Exercise aim — Taking only the lines of the data below from the line with "and the world." to the line with "Desmidiales, commonly called", ends included, write them out exactly and without pictures.

Source material —

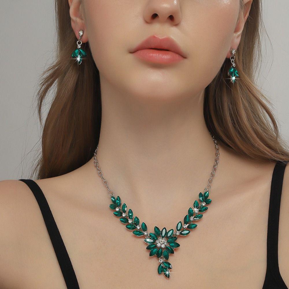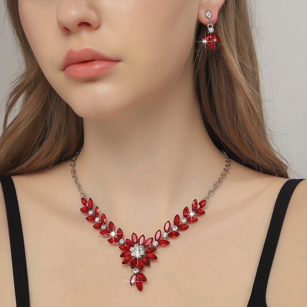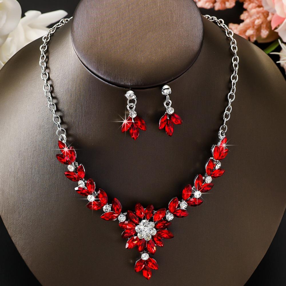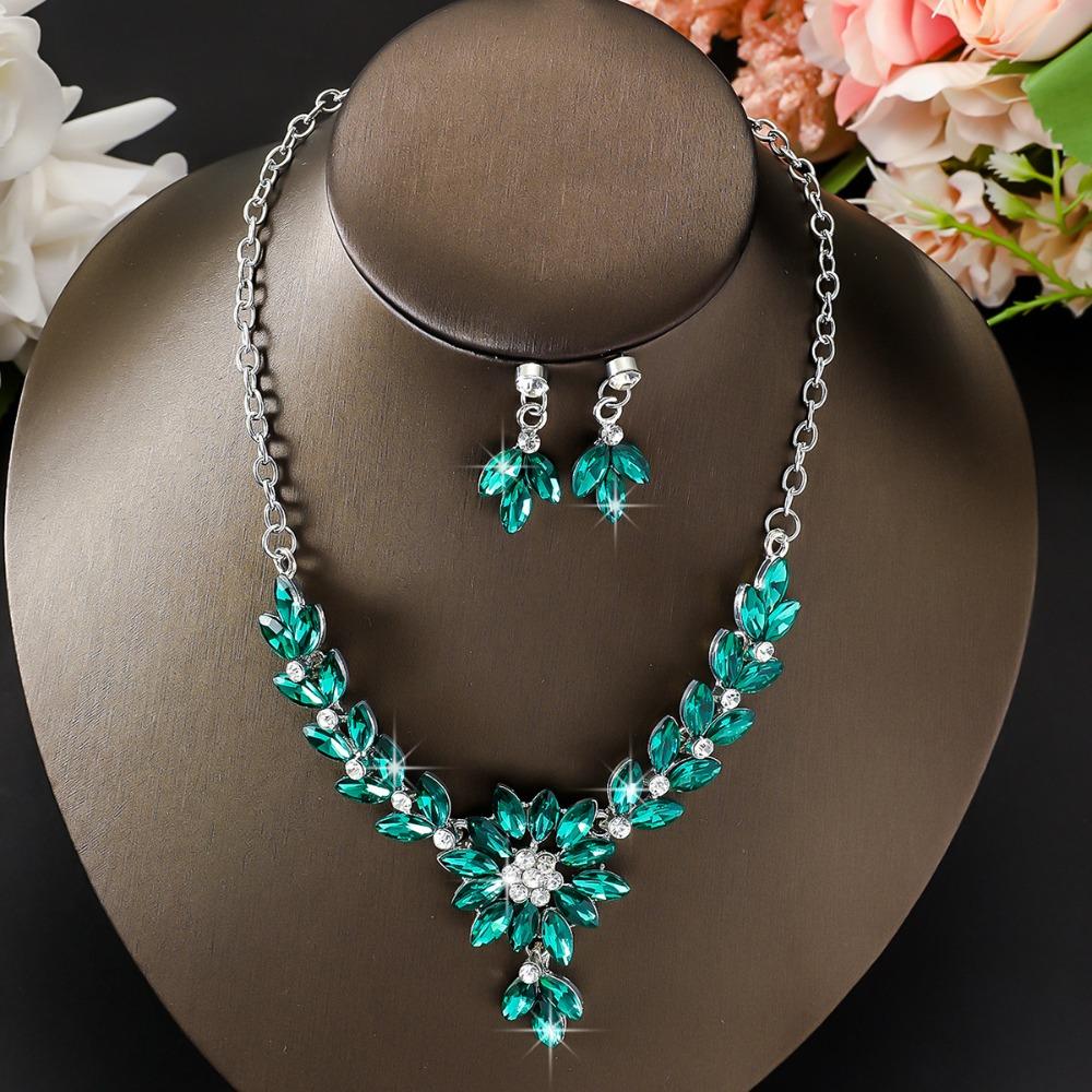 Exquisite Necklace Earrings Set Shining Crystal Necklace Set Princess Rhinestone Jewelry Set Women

...

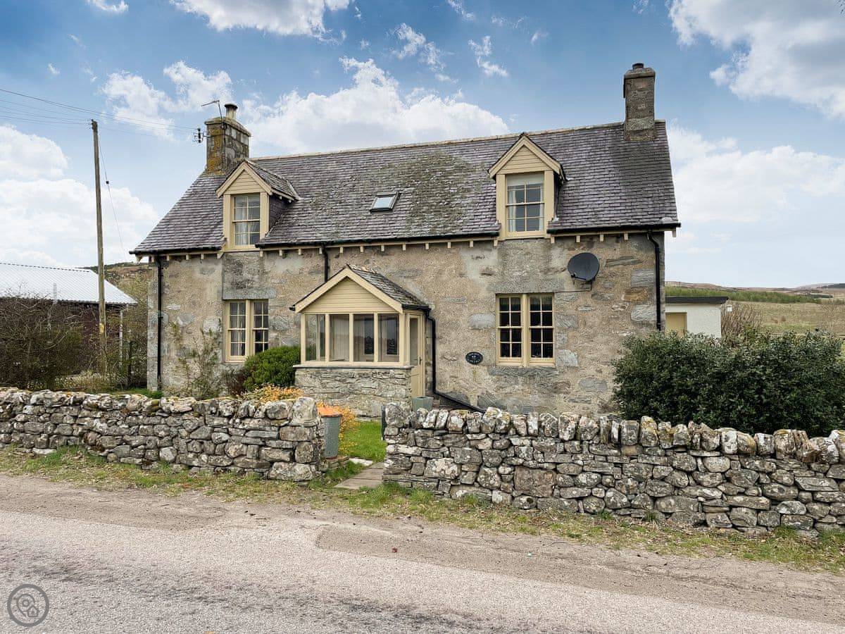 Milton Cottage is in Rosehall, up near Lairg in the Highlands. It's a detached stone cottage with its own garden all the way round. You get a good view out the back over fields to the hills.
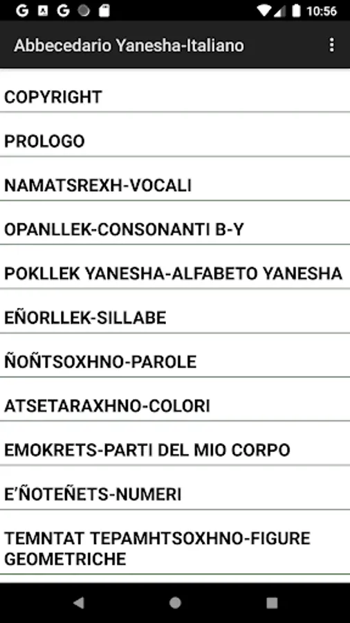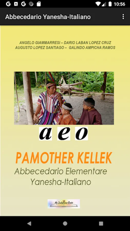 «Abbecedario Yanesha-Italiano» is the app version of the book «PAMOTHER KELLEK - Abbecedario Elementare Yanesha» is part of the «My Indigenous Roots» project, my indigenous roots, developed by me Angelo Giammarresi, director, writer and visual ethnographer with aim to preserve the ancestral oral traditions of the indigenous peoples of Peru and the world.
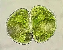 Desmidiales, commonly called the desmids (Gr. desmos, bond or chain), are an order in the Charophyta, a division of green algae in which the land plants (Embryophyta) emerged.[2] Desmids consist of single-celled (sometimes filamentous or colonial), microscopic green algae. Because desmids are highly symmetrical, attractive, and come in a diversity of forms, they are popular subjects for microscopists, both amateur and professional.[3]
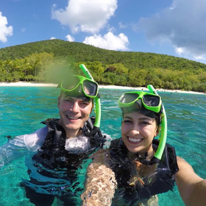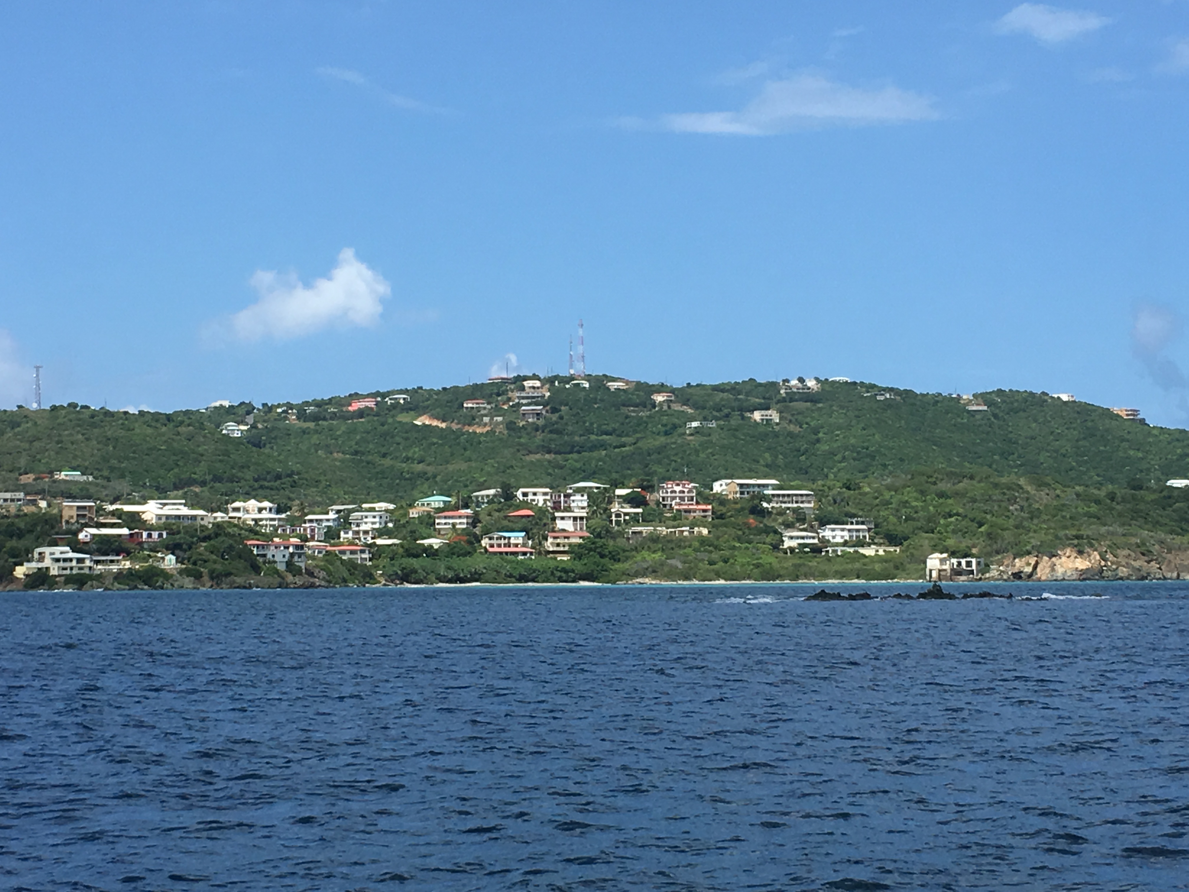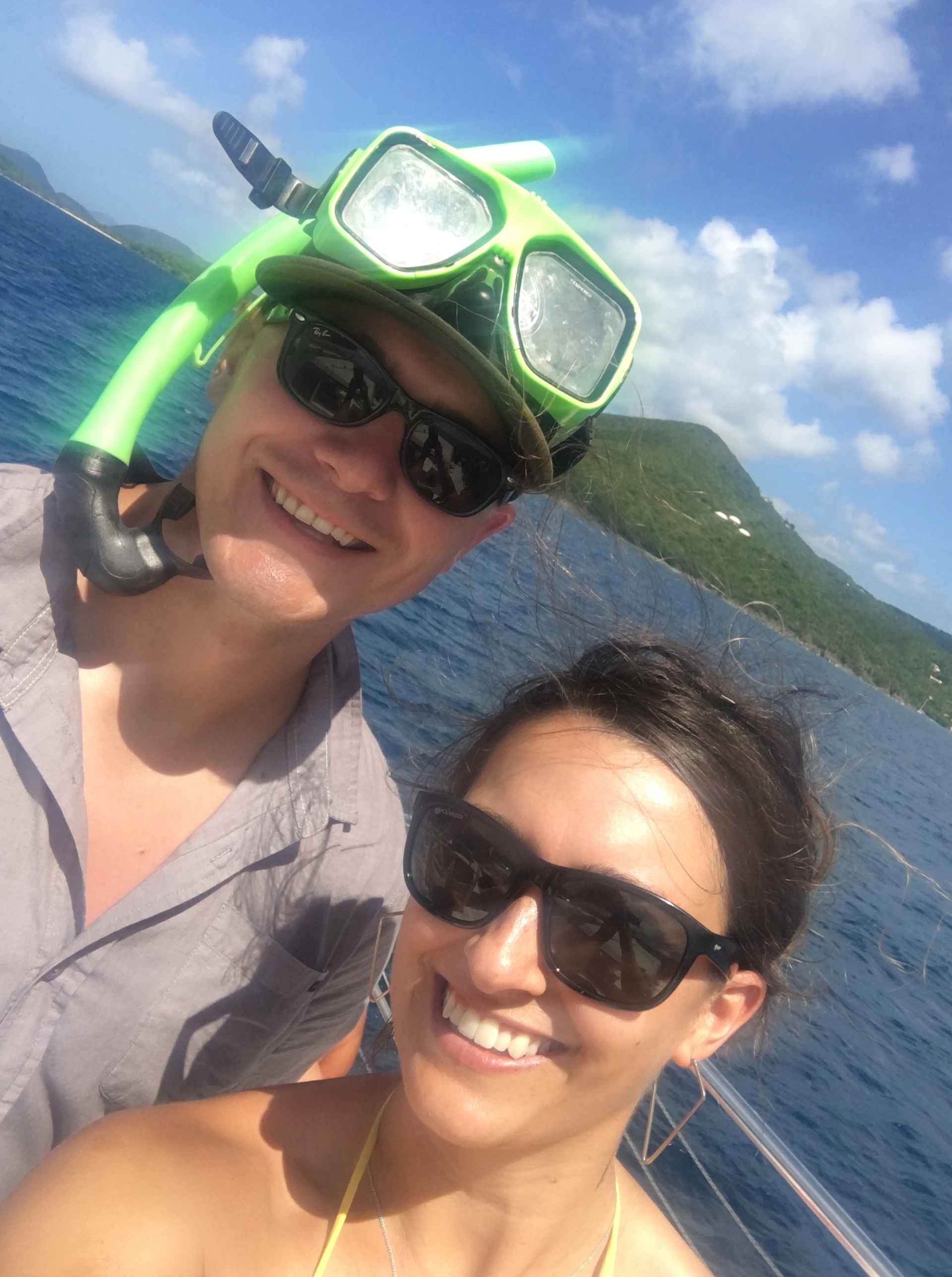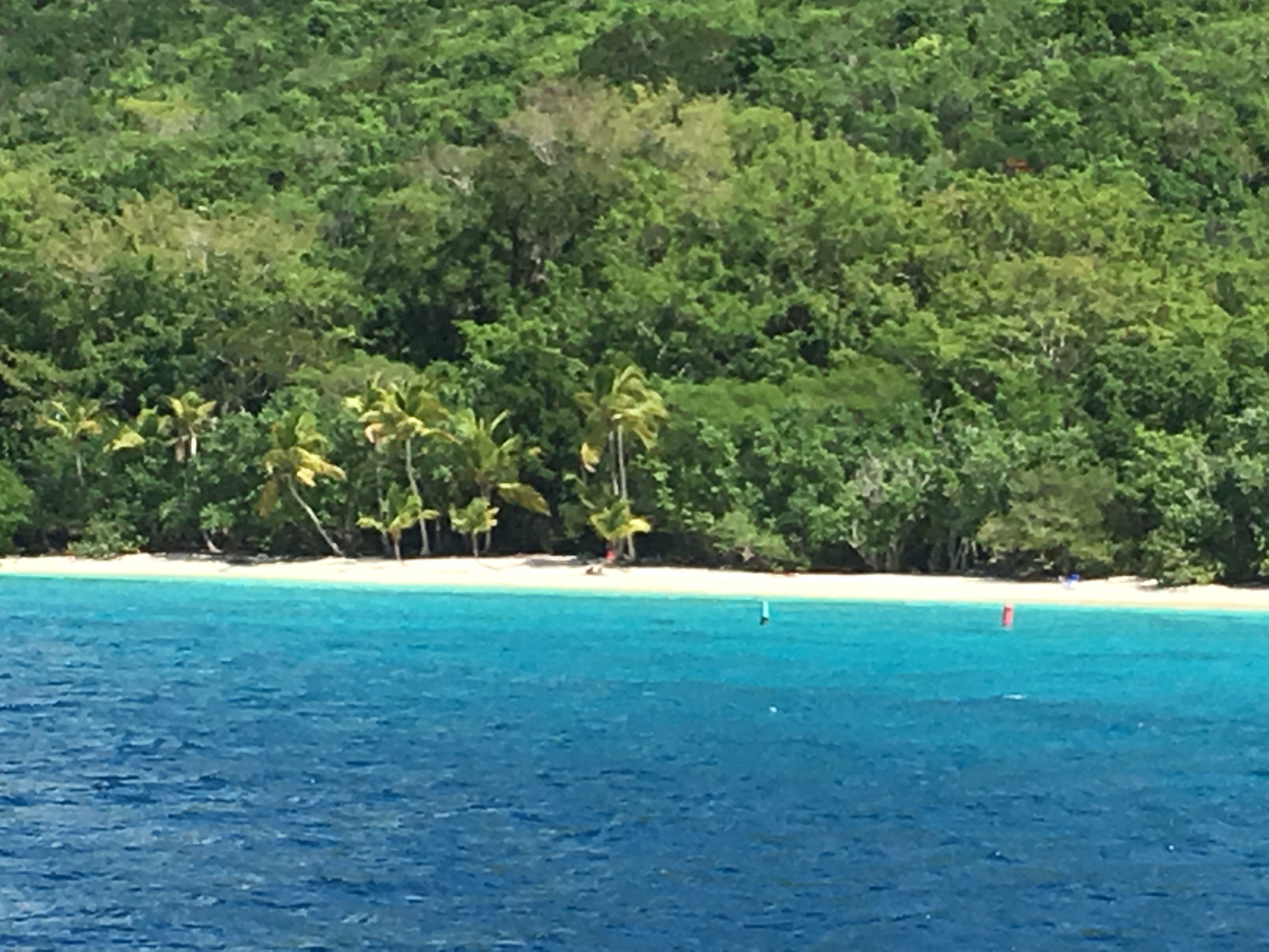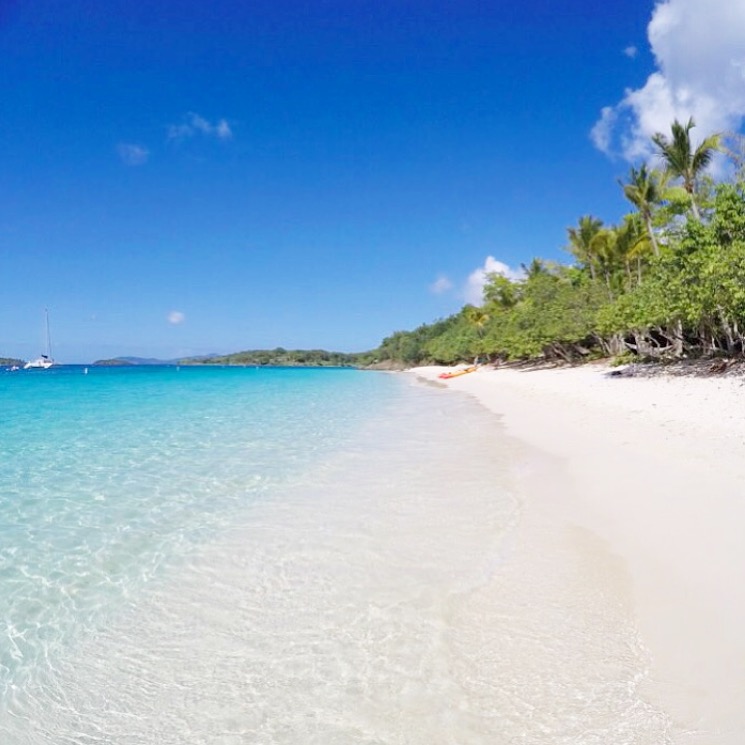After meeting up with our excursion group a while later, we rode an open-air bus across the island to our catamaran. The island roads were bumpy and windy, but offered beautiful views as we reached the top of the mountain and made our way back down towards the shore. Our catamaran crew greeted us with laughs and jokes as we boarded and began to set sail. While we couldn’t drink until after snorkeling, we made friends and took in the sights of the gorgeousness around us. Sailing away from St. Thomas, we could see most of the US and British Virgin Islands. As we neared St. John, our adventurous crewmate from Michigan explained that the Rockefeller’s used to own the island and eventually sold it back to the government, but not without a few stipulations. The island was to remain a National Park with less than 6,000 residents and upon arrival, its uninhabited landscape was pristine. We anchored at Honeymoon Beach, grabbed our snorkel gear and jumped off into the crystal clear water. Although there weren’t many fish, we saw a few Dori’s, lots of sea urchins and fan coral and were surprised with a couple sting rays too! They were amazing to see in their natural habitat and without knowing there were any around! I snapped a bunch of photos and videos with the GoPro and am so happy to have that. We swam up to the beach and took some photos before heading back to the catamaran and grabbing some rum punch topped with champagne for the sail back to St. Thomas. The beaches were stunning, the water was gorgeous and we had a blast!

Answer below —
 «Abbecedario Yanesha-Italiano» is the app version of the book «PAMOTHER KELLEK - Abbecedario Elementare Yanesha» is part of the «My Indigenous Roots» project, my indigenous roots, developed by me Angelo Giammarresi, director, writer and visual ethnographer with aim to preserve the ancestral oral traditions of the indigenous peoples of Peru and the world.
 Desmidiales, commonly called the desmids (Gr. desmos, bond or chain), are an order in the Charophyta, a division of green algae in which the land plants (Embryophyta) emerged.[2] Desmids consist of single-celled (sometimes filamentous or colonial), microscopic green algae. Because desmids are highly symmetrical, attractive, and come in a diversity of forms, they are popular subjects for microscopists, both amateur and professional.[3]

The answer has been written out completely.